Fig. 20 is a diagram explaining a process in which a text-based subtitle stream is synchronized with moving image data and output to a reproducing apparatus according to an embodiment of the present invention.

Referring to fig. 20, dialog start time information and dialog end time information included in a DPU of a text-based subtitle data stream 220 should be defined as a point in time with respect to a global time axis used in a playlist to synchronize with an output time of an AV data stream 210 of multimedia images. Accordingly, an interruption between a System Time Clock (STC) of the AV data stream and a dialog output time (PTS) of the text-based subtitle data stream 220 can be prevented.

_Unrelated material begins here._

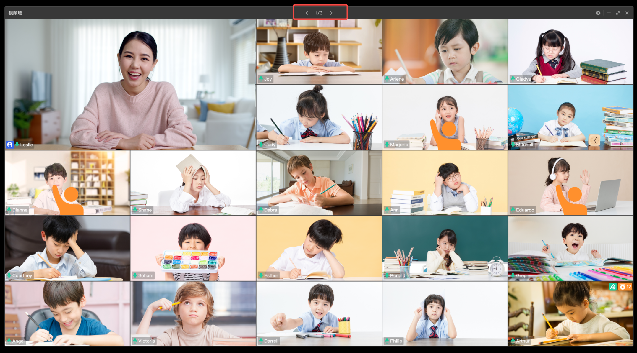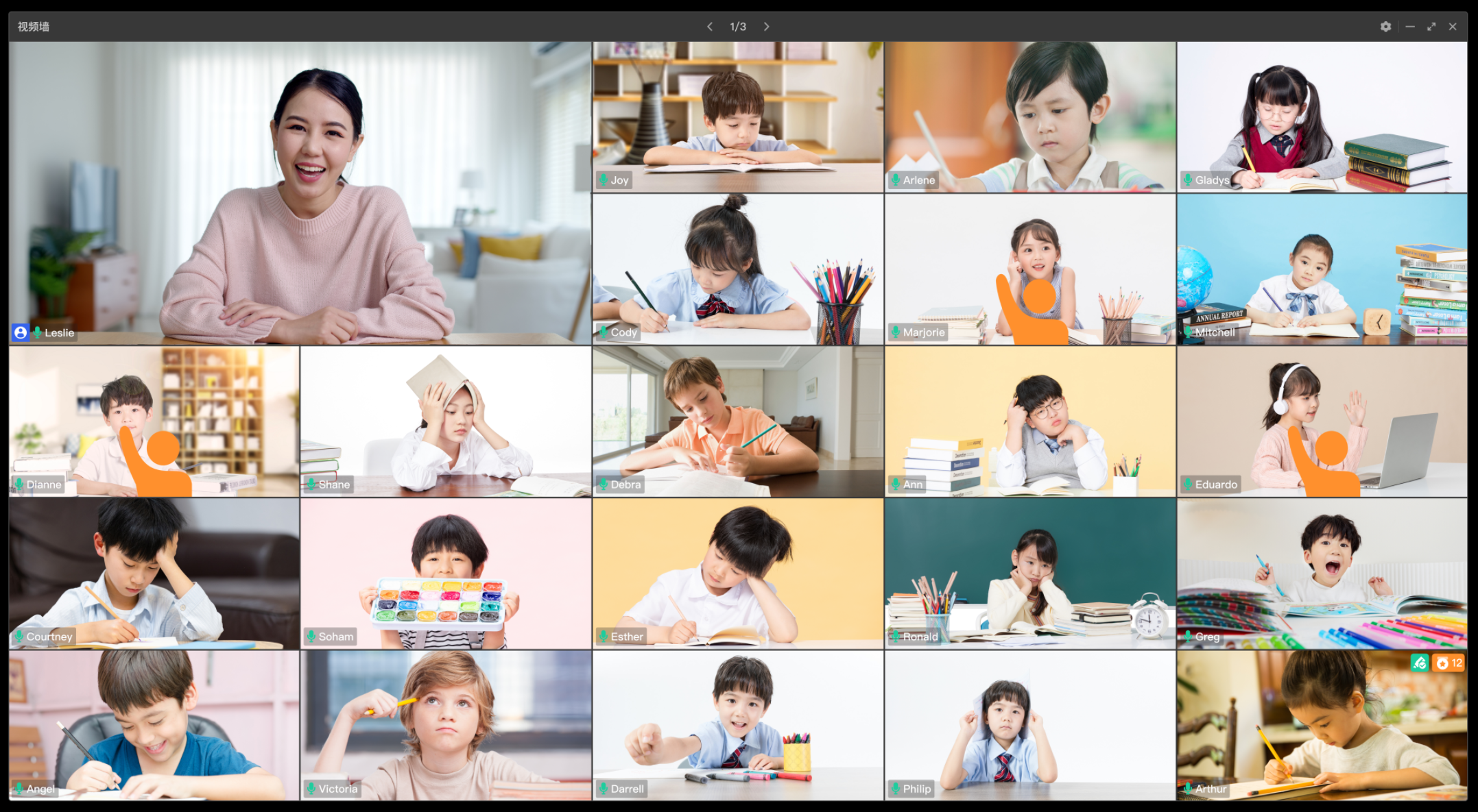 电脑端讲师/助理可以使用视频墙工具,查看更多学员视频,管控教室秩序更便捷。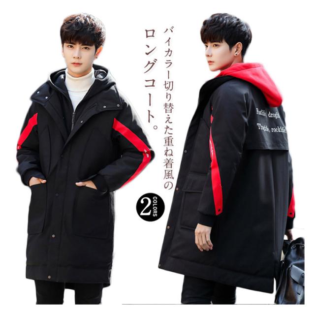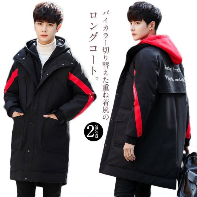 メンズコート ロング丈 中綿 コート ジャケット レイヤード 重ね着風 オシャレ

Fig. 21 is a diagram for explaining a process in which a text-based subtitle data stream is output onto a screen in a reproducing apparatus according to an embodiment of the present invention.

Referring to fig. 21, shown is a process in which dialog text information 2104 is converted into a bitmap image 2106 by applying translation information 2102 including type-related information, and the converted bitmap image is output to a corresponding position on a pictorial plane (GP)1750 based on output position information (such as region _ horizontal _ position and region _ vertical _ position) included in combination information 2108.

The translation information 2102 represents type information such as a region width, a height, a foreground color, a background color, a text type, a font name, a font type, and a font size. As described above, the translation information 2102 is defined in the region type set in the DSU. Meanwhile, the combination information 2108 indicates the start time and end time of the presentation, and explains horizontal and vertical position information and the like output to the window area of the illustration face (GP) 1750. This information is defined in the DPU.

Fig. 22 is a diagram explaining a process of translating the text-based subtitle data stream 220 in the reproducing apparatus 1700 as shown in fig. 17, according to an embodiment of the present invention.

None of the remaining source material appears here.